• _DESCRIPTION OF THE TASK_
Entries below include pictures. Output exactly the lines from the one with "クエストライブにおけるアイテ" down to the one with "Mouton Mouton, c’est", both ends included, and leave the pictures out.

(Saved data entries)
---
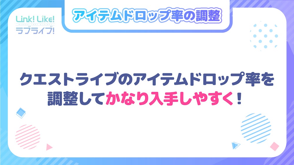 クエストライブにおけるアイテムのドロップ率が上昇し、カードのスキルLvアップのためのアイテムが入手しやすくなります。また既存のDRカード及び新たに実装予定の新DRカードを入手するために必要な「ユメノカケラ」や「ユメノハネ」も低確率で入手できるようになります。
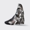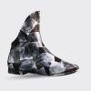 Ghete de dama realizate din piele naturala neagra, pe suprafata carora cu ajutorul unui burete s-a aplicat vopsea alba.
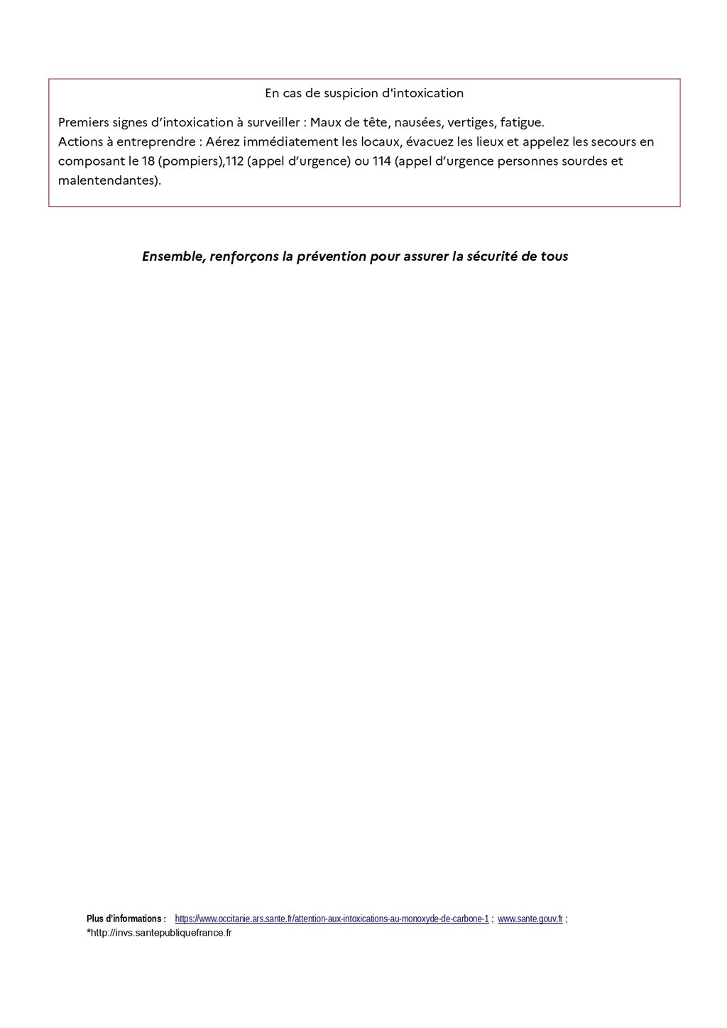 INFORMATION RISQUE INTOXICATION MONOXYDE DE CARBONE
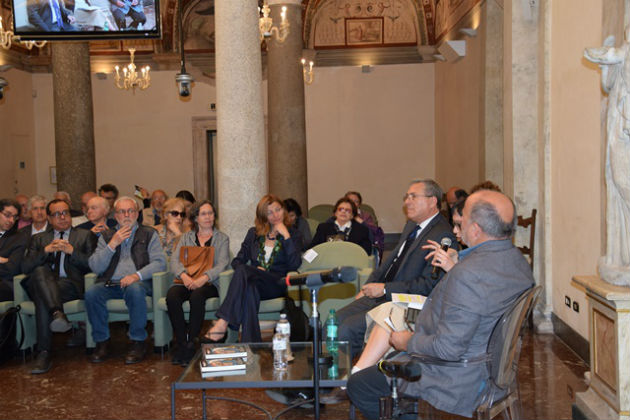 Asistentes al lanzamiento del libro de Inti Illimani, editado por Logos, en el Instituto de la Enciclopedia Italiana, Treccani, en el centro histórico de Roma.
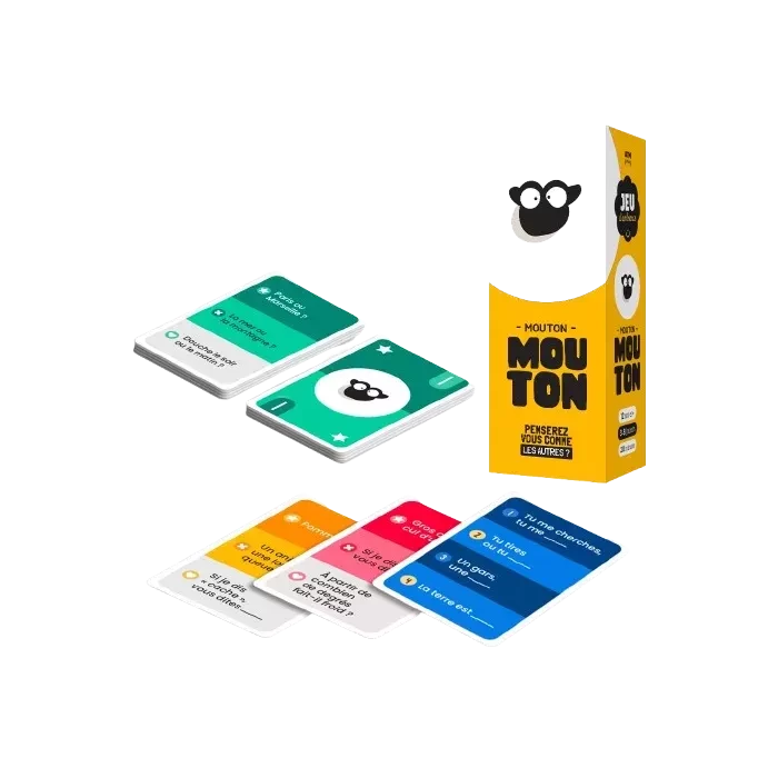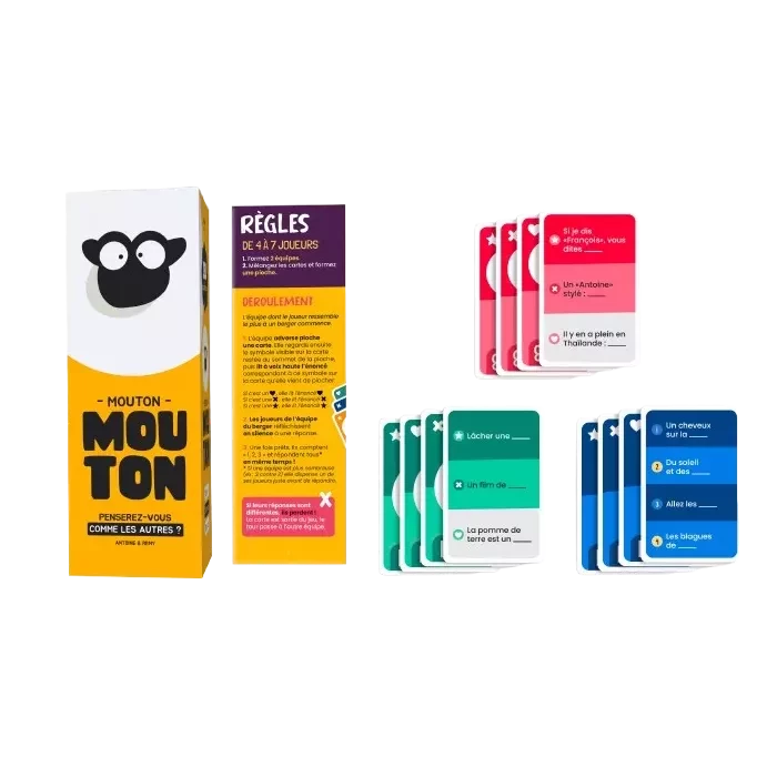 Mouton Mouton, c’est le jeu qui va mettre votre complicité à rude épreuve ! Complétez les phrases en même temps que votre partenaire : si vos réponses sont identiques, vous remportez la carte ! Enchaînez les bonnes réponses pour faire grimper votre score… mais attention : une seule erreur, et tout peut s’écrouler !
---
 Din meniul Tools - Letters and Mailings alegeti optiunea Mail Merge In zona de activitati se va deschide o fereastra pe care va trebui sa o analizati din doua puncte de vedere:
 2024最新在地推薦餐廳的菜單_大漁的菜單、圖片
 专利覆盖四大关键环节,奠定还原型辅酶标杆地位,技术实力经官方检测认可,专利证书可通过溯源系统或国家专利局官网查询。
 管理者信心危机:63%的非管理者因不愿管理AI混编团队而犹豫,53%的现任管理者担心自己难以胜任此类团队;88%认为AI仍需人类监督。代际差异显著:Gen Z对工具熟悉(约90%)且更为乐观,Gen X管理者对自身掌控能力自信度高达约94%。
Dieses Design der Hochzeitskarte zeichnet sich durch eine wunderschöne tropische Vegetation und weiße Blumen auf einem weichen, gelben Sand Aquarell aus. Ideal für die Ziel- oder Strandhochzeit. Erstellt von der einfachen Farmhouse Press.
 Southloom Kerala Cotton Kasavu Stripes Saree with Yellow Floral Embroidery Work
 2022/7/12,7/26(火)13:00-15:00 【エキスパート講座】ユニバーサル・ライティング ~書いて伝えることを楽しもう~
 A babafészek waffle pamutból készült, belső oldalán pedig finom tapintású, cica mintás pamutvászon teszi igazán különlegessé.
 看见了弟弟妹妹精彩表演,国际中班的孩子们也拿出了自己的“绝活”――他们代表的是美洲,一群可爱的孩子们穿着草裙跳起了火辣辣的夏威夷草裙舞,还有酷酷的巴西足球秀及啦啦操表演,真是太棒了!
---
• _TASK OUTPUT_
 クエストライブにおけるアイテムのドロップ率が上昇し、カードのスキルLvアップのためのアイテムが入手しやすくなります。また既存のDRカード及び新たに実装予定の新DRカードを入手するために必要な「ユメノカケラ」や「ユメノハネ」も低確率で入手できるようになります。
 Ghete de dama realizate din piele naturala neagra, pe suprafata carora cu ajutorul unui burete s-a aplicat vopsea alba.
 INFORMATION RISQUE INTOXICATION MONOXYDE DE CARBONE
 Asistentes al lanzamiento del libro de Inti Illimani, editado por Logos, en el Instituto de la Enciclopedia Italiana, Treccani, en el centro histórico de Roma.
 Mouton Mouton, c’est le jeu qui va mettre votre complicité à rude épreuve ! Complétez les phrases en même temps que votre partenaire : si vos réponses sont identiques, vous remportez la carte ! Enchaînez les bonnes réponses pour faire grimper votre score… mais attention : une seule erreur, et tout peut s’écrouler !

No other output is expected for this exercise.